Figure 4Prevalence of diabetes in Colombia. (A) Age-adjusted diabetes mellitus prevalence per 100,000 inhabitants are shown for the 32 Colombian administrative departments (i.e., states). Diabetes prevalence estimates were averaged across three different epidemiological databases: (1) Cuenta de Alto Costo, (2) Observatorio de Diabetes de Colombia, and (3) the Sistema Integral de Información de la Protección Social. The map was created using the R maptools package[65] with mapping data from OpenStreetMaps. The cartography in the OpenStreetMap map tiles is licensed under CC BY-SA (www.openstreetmap.org/copyright). The map data are available under the Open Database License © OpenStreetMap contributors. The license terms can be found on the following link: http://creativecommons.org/licenses/by-sa/2.0/. (B) Comparison of Colombian diabetes state-by-state prevalence estimates taken from the three different database sources. Regression plots for all three possible pairwise comparisons between the different databases are shown, with the values for Chocó and Antioquia indicated. For each regression, the Pearson correlation r-value is shown along with the P-value significance level.
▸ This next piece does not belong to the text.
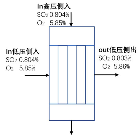硫酸生產(chǎn)過程中,隨著時(shí)間推移,換熱設(shè)備的健康狀況會(huì)逐漸下降,出現(xiàn)泄漏的風(fēng)險(xiǎn)也隨之增加。因此,及時(shí)掌握換熱設(shè)備的健康狀況,對(duì)于保證系統(tǒng)轉(zhuǎn)化率至關(guān)重要。通過比較換熱設(shè)備低壓入口和出口的SO2濃度變化,若SO2濃度增加,則表明裝置存在泄漏。借助硫酸健康分析系統(tǒng),可以分析濃度變化并精確計(jì)算泄漏率。
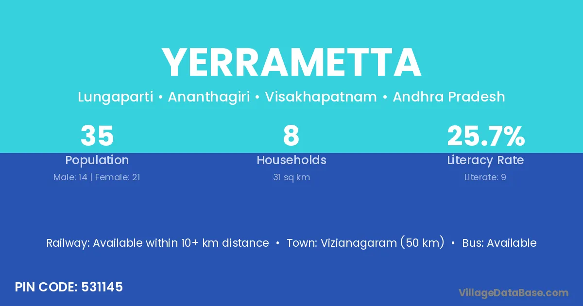 Vizianagaram (50 km) is the nearest town to Yerrametta village for major economic activities and is located approximately 50 km away.

Comparison of socio-economic status (SES) indicators for Chocó and Antioquia.
| Measure1 | Chocó | Antioquia |
|---|---|---|
| Human Development Index (HDI)2 | 0.73 | 0.85 |
| Literacy Rate | 76% | 89% |
| GDP (per capita)3 | $6 M | $16 M |
| Life Expectancy | 68 yrs | 73 yrs |
| Employment Rate | 77% | 88% |
| Modern Housing Rate | 10% | 79% |
| Protein Consumption Deficit | 57% | 26% |
| Calcium Deficit | 95% | 75% |
1SES index data taken from the Colombian census[37] and the Colombian national nutritional survey[38].
2The HDI is a composite of measure of health, education and standard of living.
3Gross domestic product (GDP) estimates are shown as millions of Colombian pesos (COP).